Сердце у меня забилось барабанным боем, когда она опустилась на диван рядом со мной (юбка воздушно вздулась, опала) и стала играть глянцевитым плодом. Она кидала его вверх, в солнечную пыль, и ловила его, производя плещущий, полированный, полый звук.

Гумберт Гумберт перехватил яблоко.

«Отдайте!» взмолилась она, показывая мрамористую розовость ладоней. Я возвратил «Золотое Семечко». Она его схватила и укусила, и мое сердце было как снег под тонкой алой кожицей, и с обезьяньей проворностью, столь свойственной этой американской нимфетке, она выхватила у меня журнал, который я машинально раскрыл (жаль, что никто не запечатлел на кинопленке любопытный узор, вензелеобразную связь наших одновременных или перекрывающих друг друга движений). Держа в одной руке изуродованный плод, нисколько не служивший ей помехой, Лолита стала быстро и бурно листать журнал, ища картинку, которую хотела показать Гумберту. Наконец нашла. Изображая интерес, я так близко придвинул к ней голову, что ее волосы коснулись моего виска и голая ее рука мимоходом задела мою щеку, когда она запястьем отерла губы. Из-за мреющей мути, сквозь которую я смотрел на изображенный в журнале снимок, я не сразу реагировал на него, и ее коленки нетерпеливо потерлись друг о дружку и стукнулись. Снимок проступил сквозь туман: известный художник-сюрреалист навзничь на пляже, а рядом с ним, тоже навзничь, гипсовый слепок с Венеры Милосской, наполовину скрытый песком. Надпись гласила: Замечательнейшая за Неделю Фотография. Я молниеносно отнял у нее мерзкий журнал. В следующий миг, делая вид, что пытается им снова овладеть, она вся навалилась на меня. Поймал ее за худенькую кисть. Журнал спрыгнул на пол, как спугнутая курица. Лолита вывернулась, отпрянула и оказалась в углу дивана справа от меня. Затем, совершенно запросто, дерзкий ребенок вытянул ноги через мои колени.

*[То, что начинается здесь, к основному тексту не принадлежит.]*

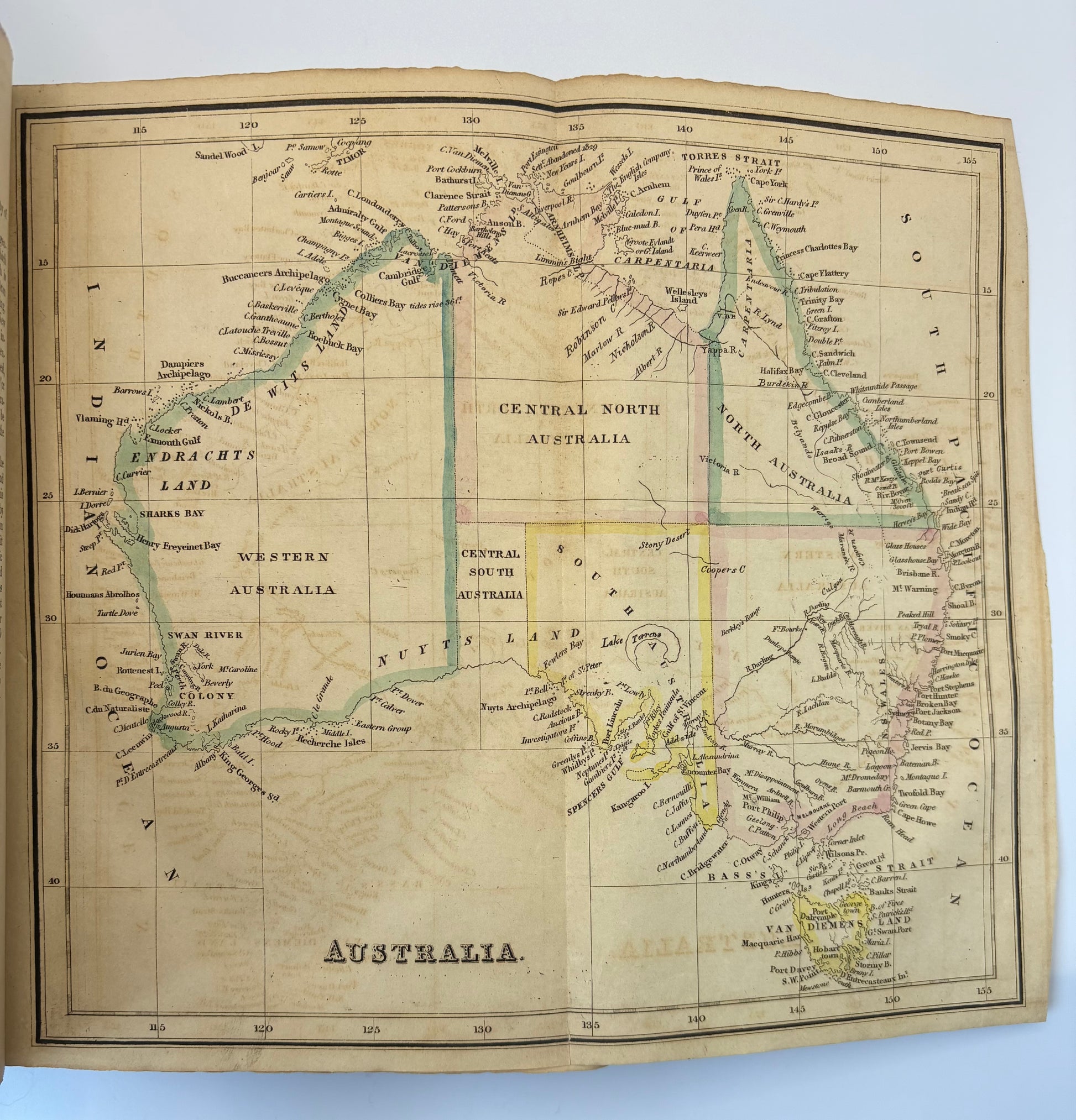 This is interesting contemporary description of Australia, Illustrated by a folding hand coloured map of Australia, 22 full-page lithographic hand coloured county maps and 4 full-page engraved views of Sydney.
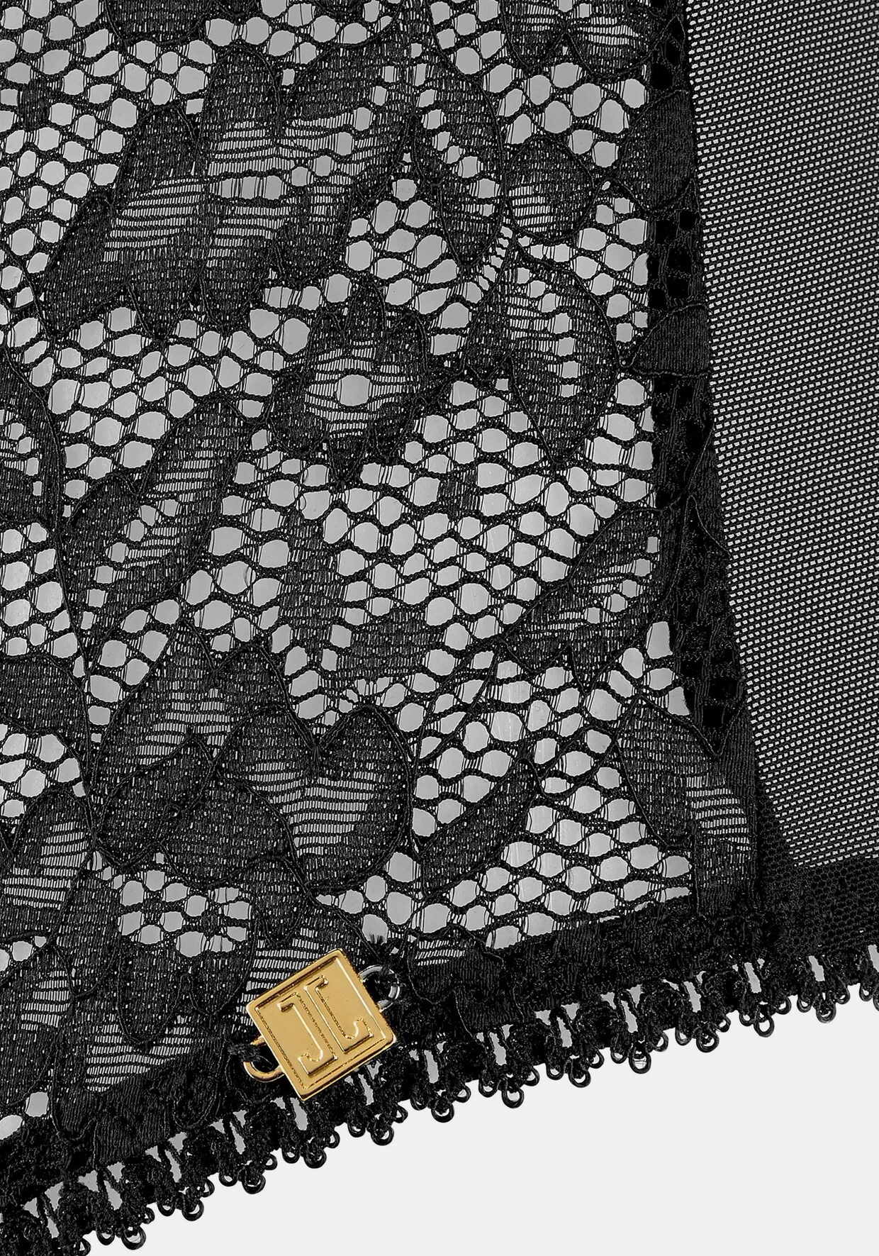 Body von JETTE, kreiert von der Designerin Jette Joop. Vorne aus eleganter Spitze gearbeitet, hinten aus leicht transparenter Mesh-Ware, im Schritt aufknöpfbar, mit Baumwollzwickel. Raffinierter Rückenausschnitt. Aus 90% Polyamid, 10% Elasthan
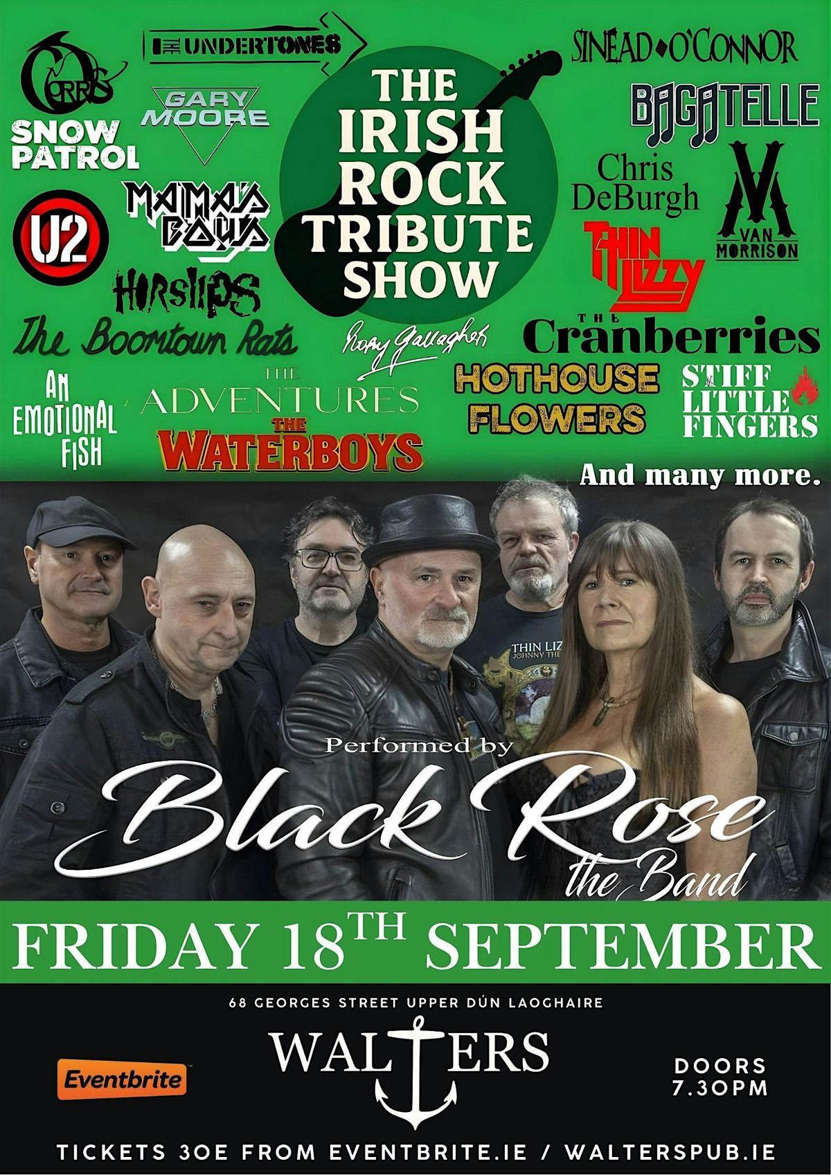 From U2 to Hothouse Flowers, The Cranberries to The Undertones, Snow Patrol to The Corrs, Bagatelle to Van Morrison, Thin Lizzy to Rory Gallagher and beyond... The Black Rose band celebrate the legendary sounds that shaped popular Irish music both locally and globally.
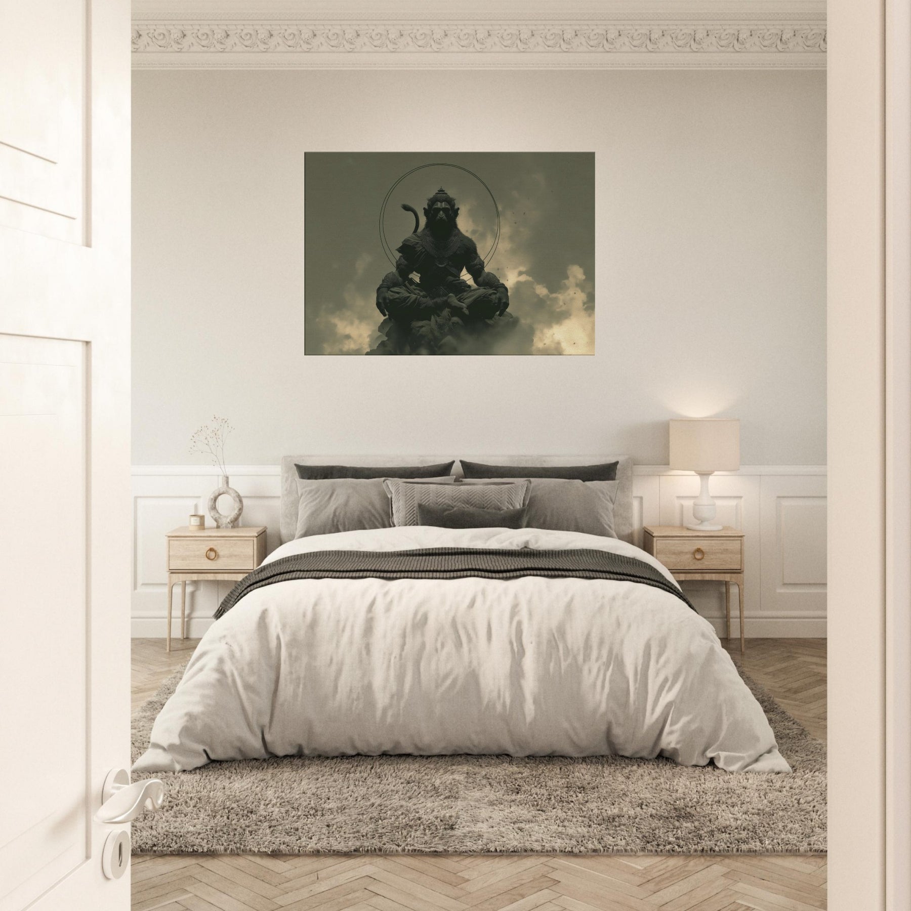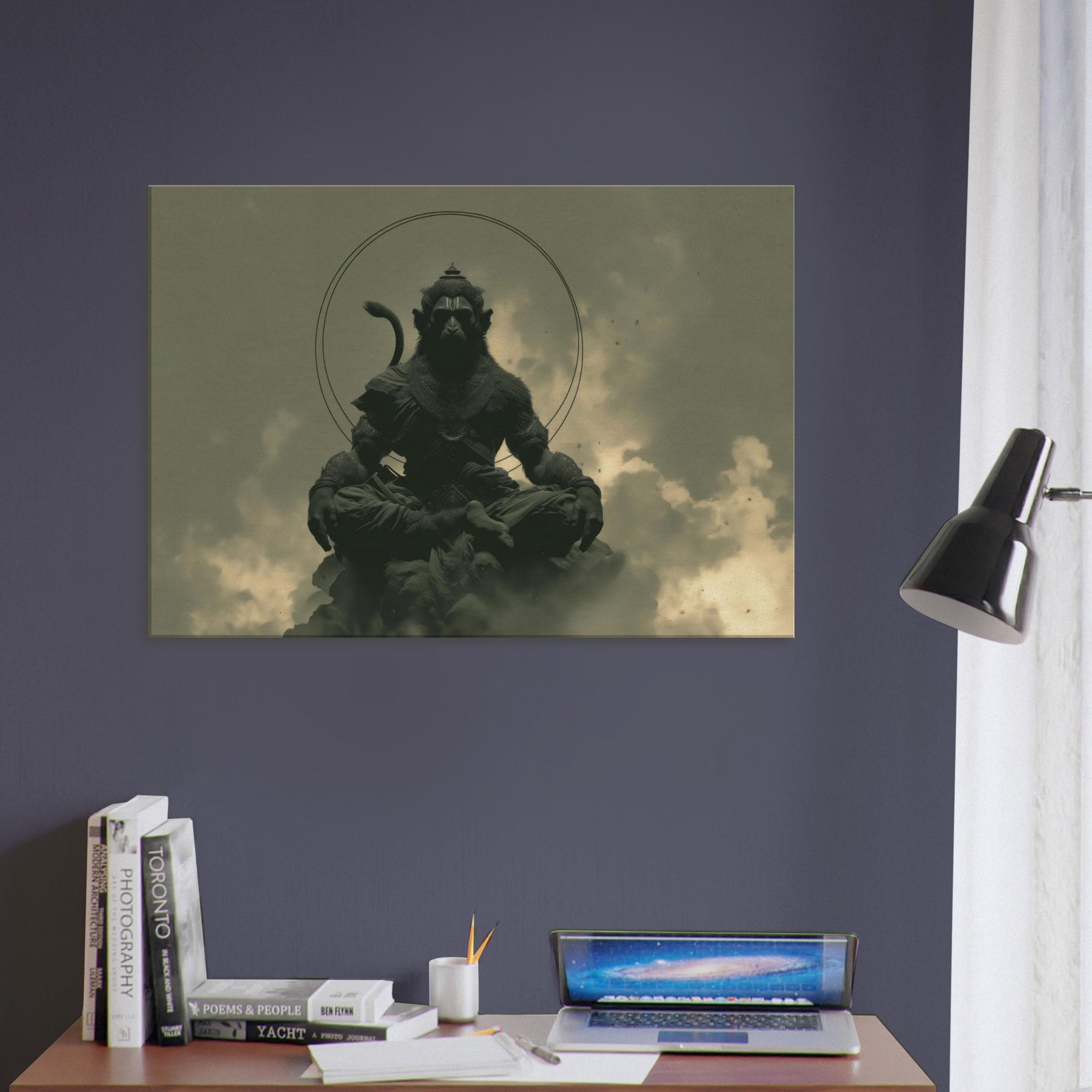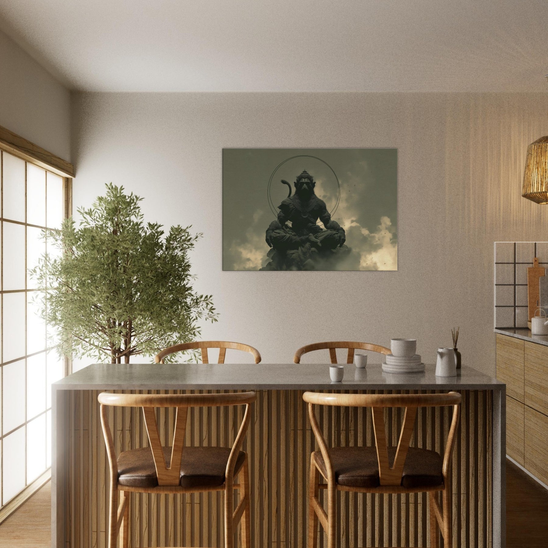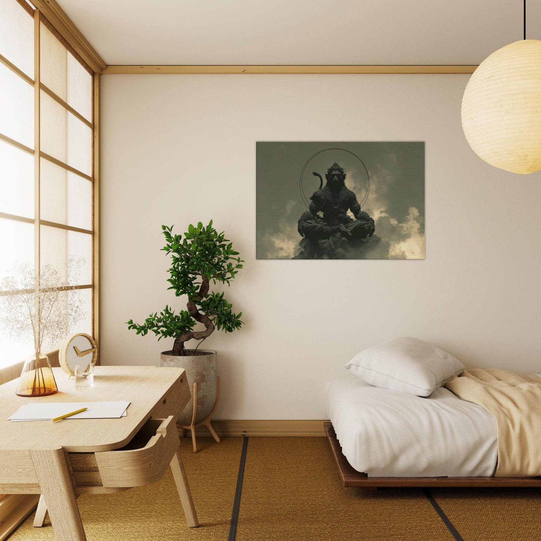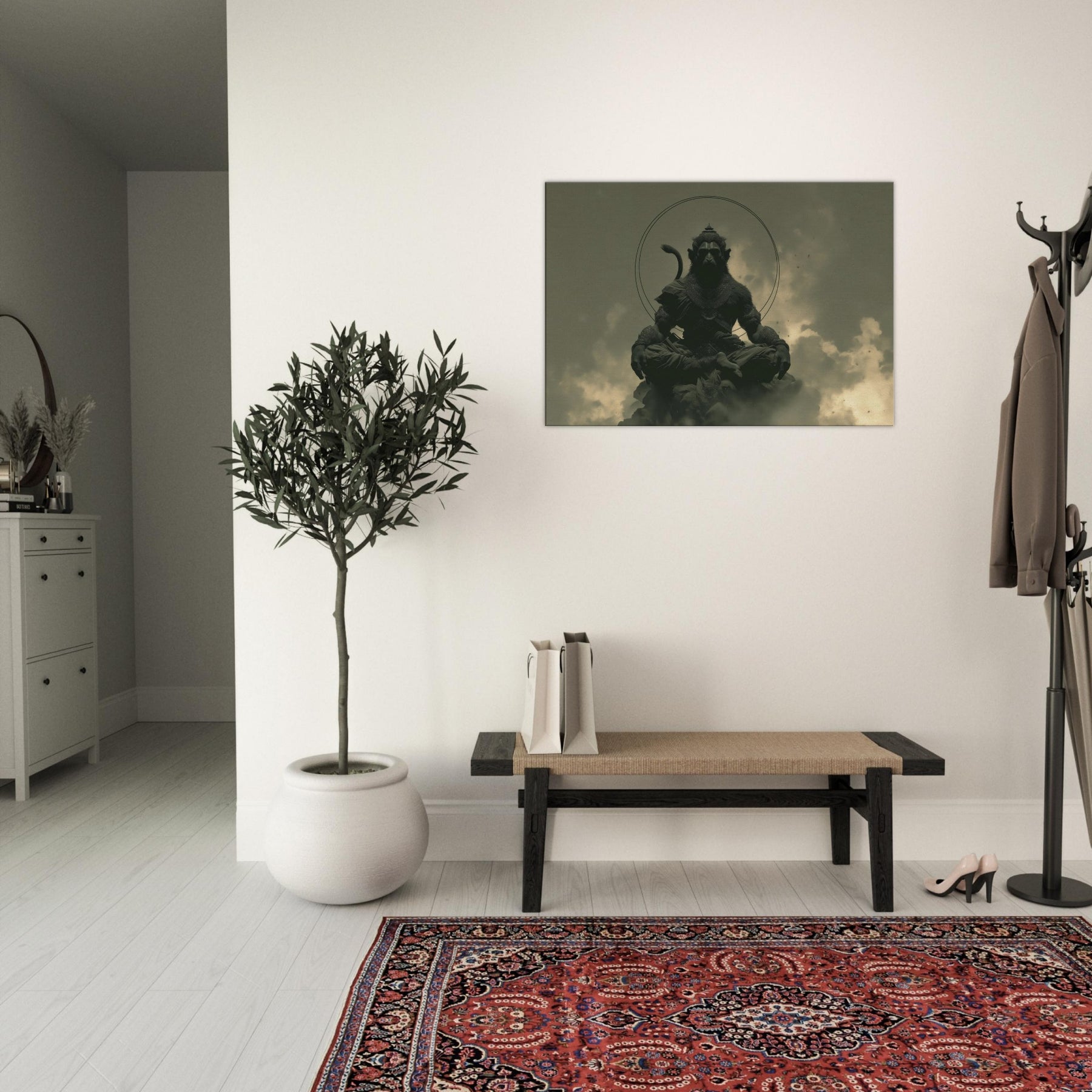 Suspended between dusk and dream, this Hanuman meditative sculpture rises from a clouded pedestal, encircled by two delicate rings that orbit like celestial breath. In muted greens and sepia, the figure exudes strength and gentleness, a paradox that invites quiet reflection rather than rush. This surreal, mystical composition turns a wall into a sanctuary, inviting warm light, soft shadows, and a sense of ancient myth awakening in the room.
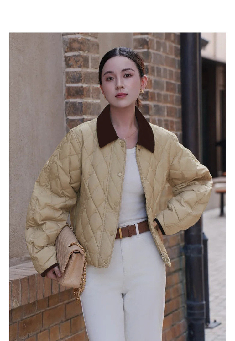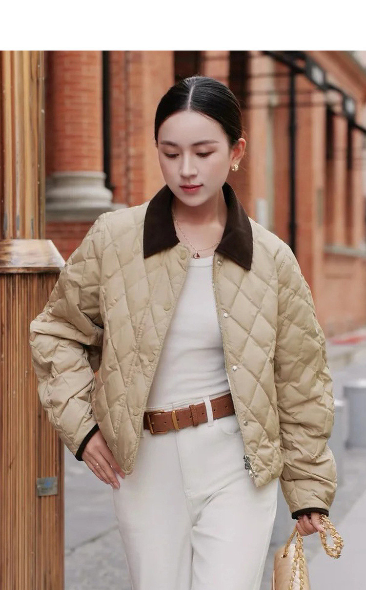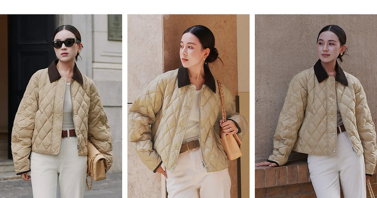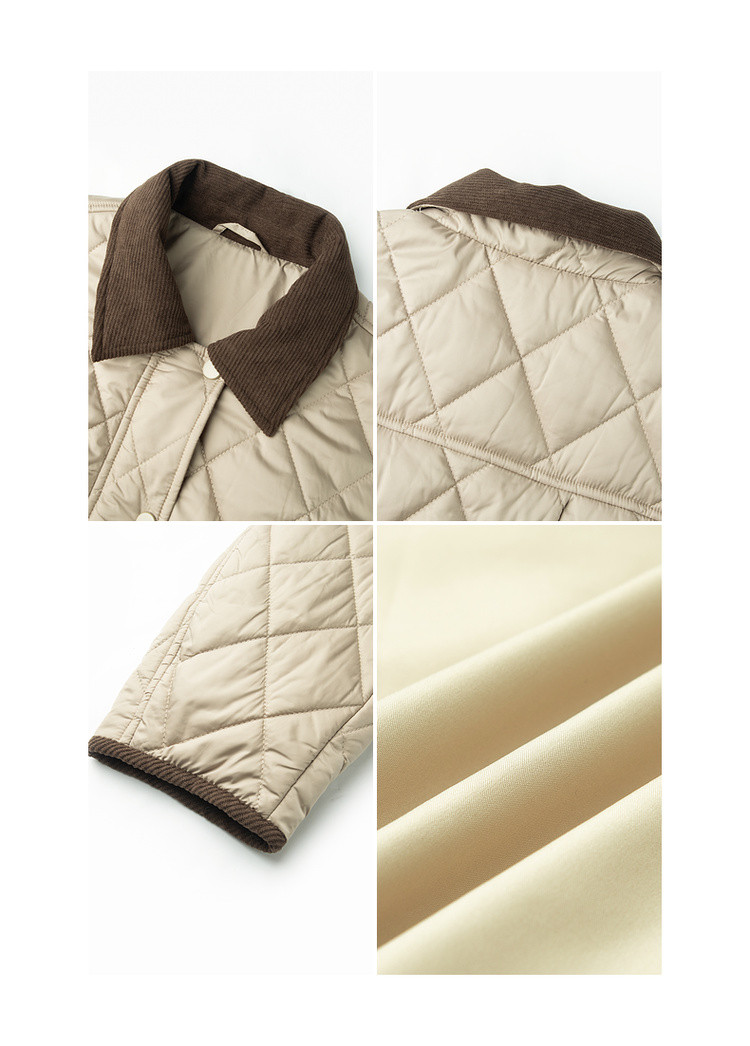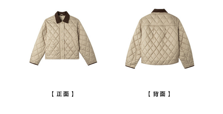 【巴恩风系列】2025冬保暖菱格绗缝棉衣拼接翻领复古小个子女式棉服

К этому времени я уже был в состоянии возбуждения, граничащего с безумием; но у меня была также и хитрость безумия. По-прежнему сидя на диване, я нашел способ при помощи целой серии осторожнейших движений пригнать мою замаскированную похоть к ее наивным ногам. Было нелегко отвлечь внимание девочки, пока я пристраивался нужным образом. Быстро говоря, отставая от собственного дыхания, нагоняя его, выдумывая внезапную зубную боль, дабы объяснить перерыв в лепете – и неустанно фиксируя внутренним оком маниака свою дальнюю огненную цель, – я украдкой усилил то волшебное трение, которое уничтожало в иллюзорном, если не вещественном, смысле физически неустранимую, но психологически весьма непрочную преграду (ткань пижамы, да полу халата) между тяжестью двух загорелых ног, покоющихся поперек нижней части моего тела, и скрытой опухолью неудобосказуемой страсти. Среди моего лепетания мне случайно попалось нечто механически поддающееся повторению: я стал декламировать, слегка коверкая их, слова из глупой песенки, бывшей в моде в тот год – О Кармен, Карменситочка, вспомни-ка там… и гитары, и бары, и фары, тратам – автоматический вздор, возобновлением и искажением которого – то есть особыми чарами косноязычия – я околдовывал мою Кармен и все время смертельно боялся, что какое-нибудь стихийное бедствие мне вдруг помешает, вдруг удалит с меня золотое бремя, в ощущении которого сосредоточилось все мое существо, и эта боязнь заставляла меня работать на первых порах слишком поспешно, что не согласовалось с размеренностью сознательного наслаждения. Фанфары и фары, тарабары и бары постепенно перенимались ею: ее голосок подхватывал и поправлял перевираемый мною мотив. Она была музыкальна, она была налита яблочной сладостью. Ее ноги, протянутые через мое живое лоно, слегка ерзали; я гладил их. Так полулежала она, развалясь в правом от меня углу дивана, школьница в коротких белых носочках, пожирающая свой незапамятный плод, поющая сквозь его сок, теряющая туфлю, потирающая пятку в сползающем со щиколотки носке о кипу старых журналов, нагроможденных слева от меня на диване – и каждое ее движение, каждый шарк и колыхание помогали мне скрывать и совершенствовать тайное осязательное взаимоотношение – между чудом и чудовищем, между моим рвущимся зверем и красотой этого зыбкого тела в этом девственном ситцевом платьице.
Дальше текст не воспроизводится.